Cynthia Lee, P.O. Box 25692, Woodbury, MN  55125 (guardian ad litem)


            Considered and decided by Stoneburner, Presiding Judge; Willis, Judge; and Shumaker, Judge.

U N P U B L I S H E D   O P I N I O N


            Appellant challenges the termination of her parental rights, arguing that she was denied effective assistance of counsel.  Because we conclude that she was not denied effective assistance of counsel, we affirm.


            Appellant Dannelle Archibald is the mother of a 20-month-old son, T.J.  Archibald’s parental rights were terminated after the district court found that the statutory grounds for termination were proved by default.  T.J.’s father filed a voluntary petition to terminate his parental rights and is not a party to this appeal.

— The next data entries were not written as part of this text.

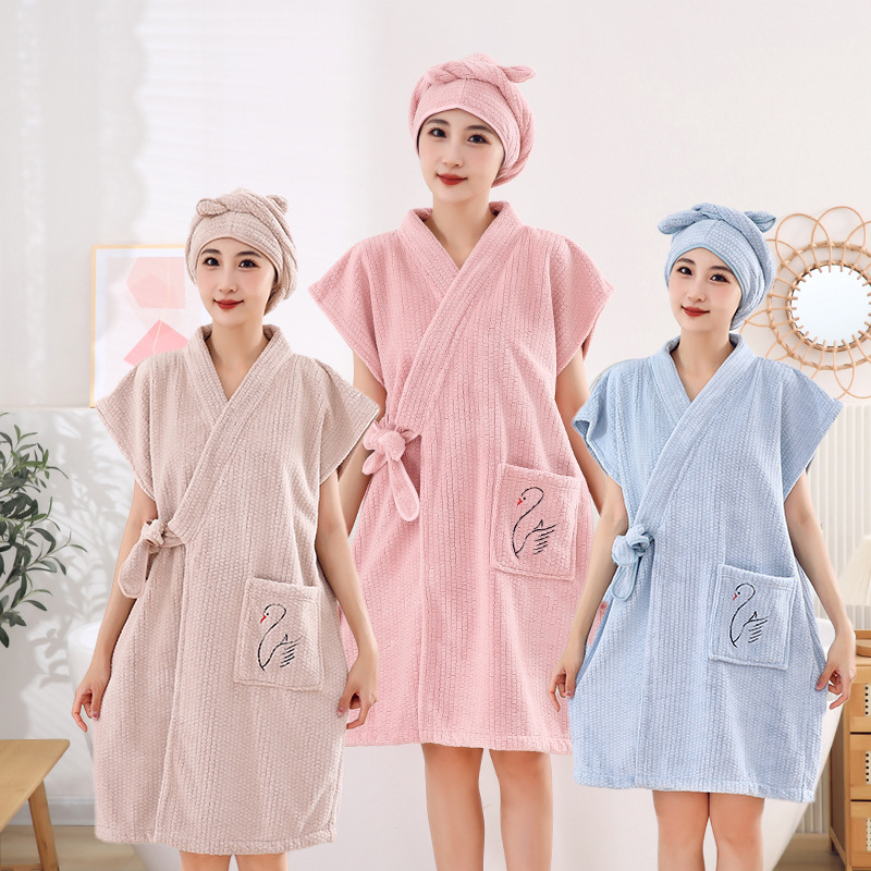 国风新品国色浴袍长款浴巾洗澡浴袍可裹吸水睡袍成人速干女夏薄款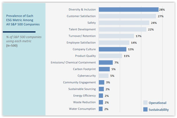 ESG metrics generally, and sustainability-related (as opposed to operational) metrics specifically, were more prevalent among the 200 largest companies in the S&P 500 than the smaller 300 S&P 500 companies.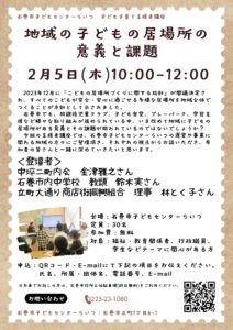 「地域の子どもの居場所の意義と課題」日時:2月5日(木)10:00~12:00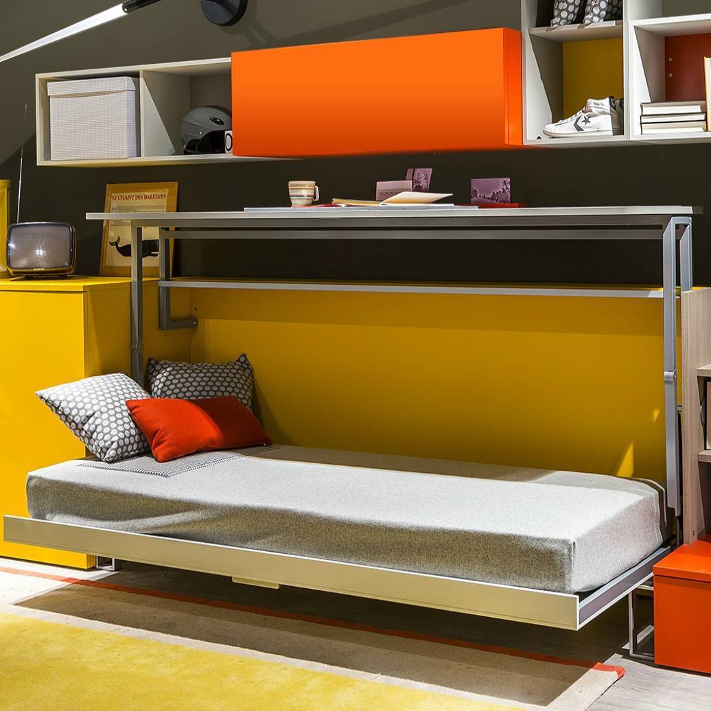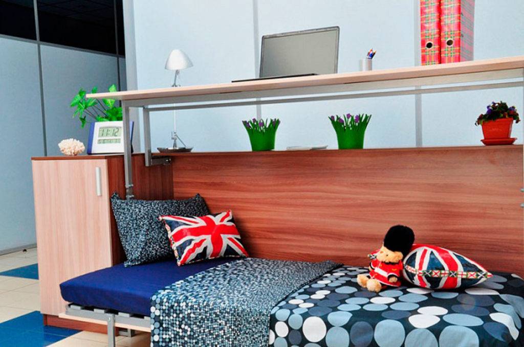 - «стол-вниз»: в этом случае кровать расположена прямо под столешницей. Чтобы разложить спальное место, стол поднимают вверх, а днем его наоборот опускают.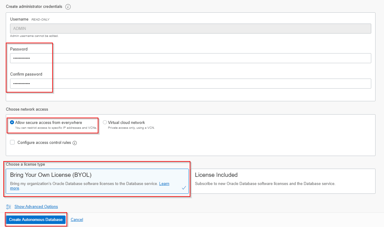 Note: Choose network access As of February 2020 (Shared Infrastructure Only) Autonomous Database Now Supports Private Endpoints by using this it is now possible to restrict access to Autonomous Database by specifying a private endpoint within a Virtual Cloud Network (VCN).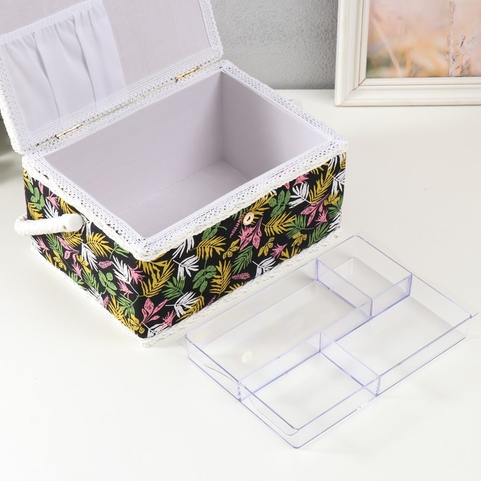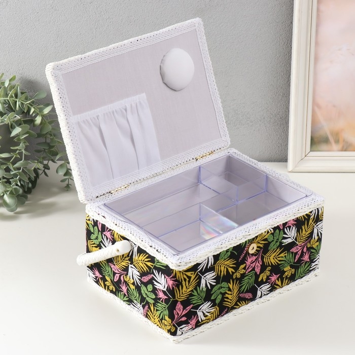 Шкатулка для рукоделия "Лесные веточки на чёрном" 19х26х14,5 см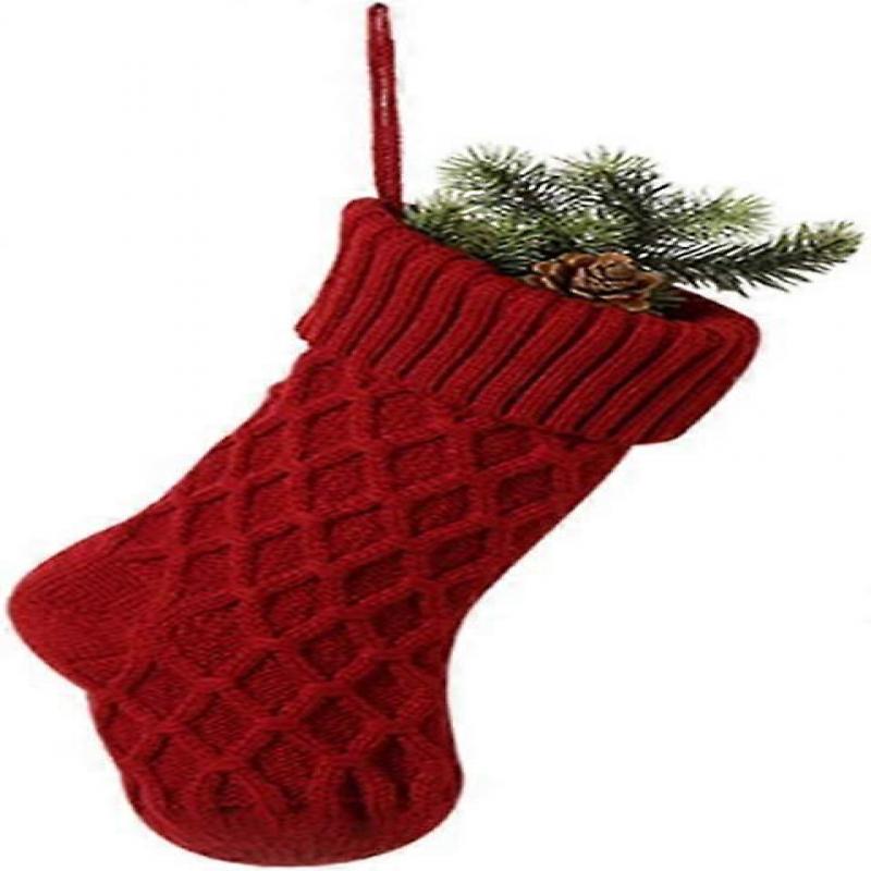 Knit Christmas Stocking, 1PCS 15inch Xmas Socks Fireplace Hanging Decoration, Rustic Candy Gift Bag for Family Holiday — купить товар онлайн с бесплатной доставкой по всему миру!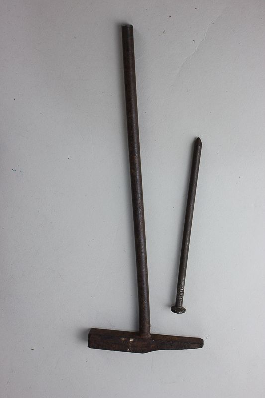 A large spelter figure of a man beside an anvil, 'Industrie', 56cm, (a/f)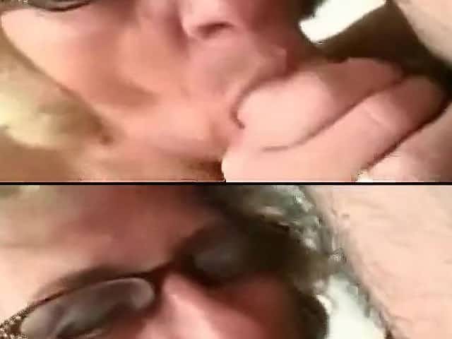 Skinny greyhaired granny sucks cock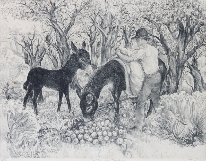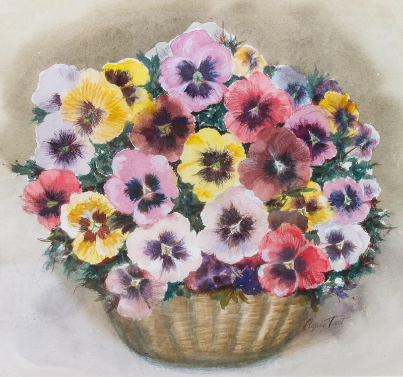 Pansies, watercolor on paper, signed Agnes Tait (lower right); together with Apple Picking, etching, signed Agnes Tait (lower right)

An October 2002 CHIPS petition alleged that T.J. was in need of protection or services because of repeated instances of drug use by Archibald.  Beginning in June 2002, Anoka County Social Services received “numerous” reports about Archibald’s use of methamphetamine, a habit for which she was enrolled in a substance-abuse program.  At least two sources reported to the county that Archibald had used methamphetamine or marijuana throughout her pregnancy.  After an emergency protective-care hearing, the district court ordered that T.J. remain in protective care and scheduled an admit/deny hearing for October 21, 2002.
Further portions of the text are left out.